第二十六章 温情绕榻添期盼 深意藏心伴晨昏
仲冬时节,京城的雪落得愈发勤了。前几日才放晴不过两日,铅灰色的天幕又被风卷着,飘起细密如碎玉的雪沫,不似初雪那般铺天盖地、裹挟着刺骨寒意,反倒缠缠绵绵,落得轻柔,将整座靖王府都裹进了一片素白之中。檐角的琉璃瓦积了薄薄一层雪霜,朱红的廊柱被雪水浸得温润,连平日里喧闹的街巷,都因这雪添了几分静谧,唯有王府深处的芷澜院,全然隔绝了外界的清寒,暖得如春日一般。
芷澜院的地龙烧得极旺,踩在铺着雪白绒毯的地面上,只觉暖意从脚底蔓延至全身,半点冬日的凉意都无。窗台上精心摆放着三盆催开的水仙,嫩白的花瓣层层叠叠,簇拥着鹅黄色的花蕊,衬着修长翠绿的叶片,清雅的香气顺着窗缝飘进屋内,驱散了冬日独有的沉闷与萧瑟。屋内的陈设早已尽数换过,桌椅皆裹着柔软的云纹绒布,桌角、椅边的棱角,都细心缠上了厚厚的棉垫,就连地上的软凳,都填了蓬松的鹅绒。每一处细微的布置,都藏着萧景珩的心思——他是怕苏晚芷起身走动时,不慎磕碰半分,伤了腹中的孩子。
自苏晚芷确诊怀有身孕那日起,她便成了整个靖王府上下最核心的牵挂。上至王府管家,下至洒扫庭院的仆役,人人皆以王妃的起居为第一要务。而萧景珩,这位昔日里在朝堂之上冷峻肃穆、不怒自威,在军营之中杀伐果断、驰骋疆场的靖王殿下,更是将满心的宠溺与呵护,全都倾注在了她一人身上。

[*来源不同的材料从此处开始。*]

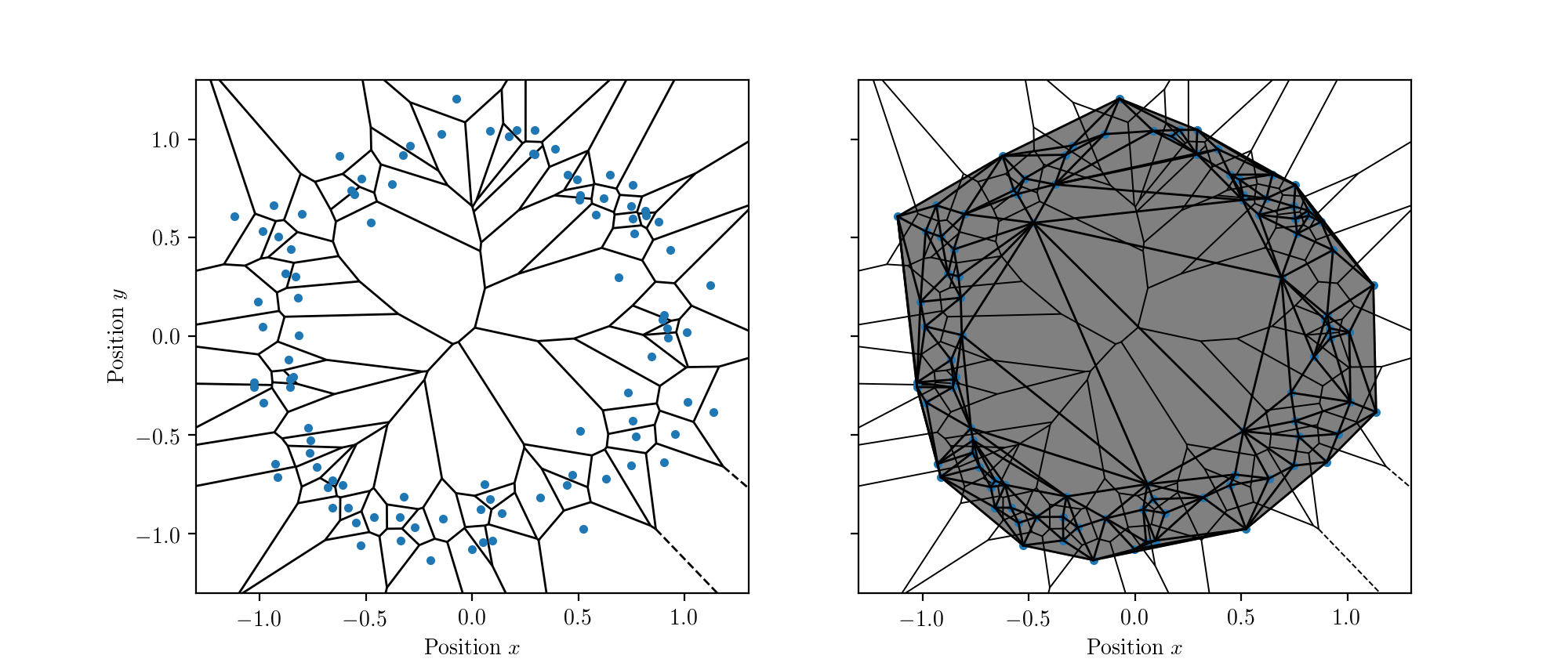 \textrm{Vor} (X) = \bigcup_{i=1}^n \big{y\in \mathbb{R}^d \, \big|\, ||y-x_i||\leq ||y-x_j|| \, \forall \, j\in {1,\dots,n}\big}. The Voronoi diagram consists of a Voronoi cell, polygonal in shape, around each of the data points x_i. Whenever the boundaries of two Voronoi cells intersect, an edge connecting the two corresponding data points x_i and x_j is added to the Delaunay complex. Whenever the boundaries of three Voronoi cells intersect, a respective triangle is added and so forth until the ambient space dimension d is reached. In the linked Figure the Voronoi diagram is displayed on the left-hand side, while on the right its dual, the Delaunay complex is shown.

他褪去了一身锋芒棱角,收起了朝堂上的威严,也藏起了军营里的戾气,满心满眼,只剩榻上温婉恬静的女子,与她腹中那尚在孕育、尚未成形的小生命。
这日清晨,天刚蒙蒙亮,天际泛着淡淡的鱼肚白,微弱的晨曦透过加厚的棉窗纸,筛成一片柔和的柔光,洒落在铺着锦缎的床榻上。苏晚芷睡得极沉,长长的睫毛垂着,在眼睑下投出一小片浅浅的阴影,呼吸均匀而绵长。而她身侧的萧景珩,早已醒了,却未曾起身,只是侧着身,静静凝望着她的睡颜,目光温柔得能滴出水来。

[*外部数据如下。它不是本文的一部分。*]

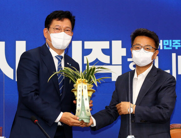 더불어민주당 송영길 새 대표(왼쪽)가 3일 서울 여의도 국회에서 이철희 청와대 정무수석으로부터 문재인 대통령의 축하 난을 전달받고 있다. 연합뉴스

他的指尖极轻、极柔,像是怕惊扰了世间最珍贵的珍宝,缓缓拂过她的眉眼。从光洁的额头,到小巧的鼻尖,再到温润的唇角,每一次触碰都带着小心翼翼的珍视。他的目光缓缓下移,落在她依旧平坦的小腹上,眼底漾开化不开的温柔与殷切期盼,那目光里,有初为人父的紧张,有对腹中孩子的憧憬,更有对苏晚芷的全然疼惜。他就这样望了许久,才缓缓伸出手,隔着一层轻薄的锦被,轻轻覆在那片柔软之上。